I am an advocate for water conservation because drought is a common problem in my home state of Texas and several other western states. Because of its limited availability, water has become a precious commodity in the U.S. and abroad. According to UNICEF, 884 million people in the world do not have access to safe water. This number represents roughly one in eight of the world’s population. That is why it kills me that my family is perhaps the worst group of water wasters.
I wage a constant battle for conservation in my house. At times, it feels like a quixotic task. My quest begins in the morning when my wife, KayEm, brushes her teeth. While she brushes, the water is flowing from the faucet. That’s 2-3 minutes of wasted water. To make matters worse, she turns on the shower to allow the water to get hot.
It’s almost comical to watch as I go around turning of the water while she comes behind me turning it back on.
I’m glad that the kids haven’t picked up these bad habits, but they waste water in their own ways.
My daughter, Nee, fills the bathtub with enough water to wash a moose rather than an 8-year old girl. I have to monitor the water level or else ships would dock in her bathroom. Sometimes I stop the water when it has barely covered the bottom of the tub. Nee hates it when I do this and complains that she doesn’t have enough water to play.
“You’re not here to play,” I reply. “You’re here to bathe.” She always runs more water when I leave, but that’s okay. She ends up with less water in the tub than she would have if I left her to her own devices.

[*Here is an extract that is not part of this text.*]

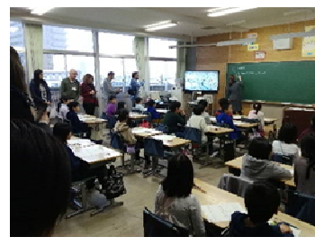
Observing lessons at Takasago elementary school

She once turned on the shower and let it run while she undressed. I was startled by her screaming, “Daddy! Daddy! Come in here. Water is all over the floor.” I ran into her bathroom to discover that the detachable shower head had turned and was spraying water onto the floor.
After placing towels on the tile to soak up the water, I asked Nee why she didn’t turn off the water when she saw it spraying on the floor. She hunched her shoulders and gave me an “I dunno” look.
I was hoping to get some male solidarity from my son, N, but he is just as bad as his mother and sister.
The other night, as he used a gallon of water to rinse his 4 ounce cup, I told him, “Stop wasting water. Don’t you know kids are starving in Africa?” The whole family turned and looked at me with confused expressions.
“That doesn’t make any sense,” KayEm said.
“I know it doesn’t make any sense,” I said. “I just like to use that expression periodically. But seriously, you guys are actually contributing to the drought here in Texas.”
“You’re so full of hyperbole,” KayEm said as she walked away. Once again, my attempts to save the planet fell on deaf ears.
When KayEm does the dishes, she fills one sink with water for washing and places the dishes in the other sink for rinsing. While she is washing the dishes, she keeps the water running on the rinsing side. This drives me crazy. I often turn the water off and she turns it back on (see above shower reference). As much as I hate washing dishes, I often do them in order to save water (KayEm will argue that ‘often’ is a bit of an exaggeration).
No matter how much I rant rave, my family continues with their wasteful ways. One day the light will come on and they will realize the impact that their actions are having on the environment. And speaking of lights, don’t even get me started on their walking out of rooms without turning them off. I’ll save that for another post.
P.S. – This will probably be my last post on Mocha Dad because KayEm is going to kill me for calling her out. If a new post isn’t up in a week, call 911.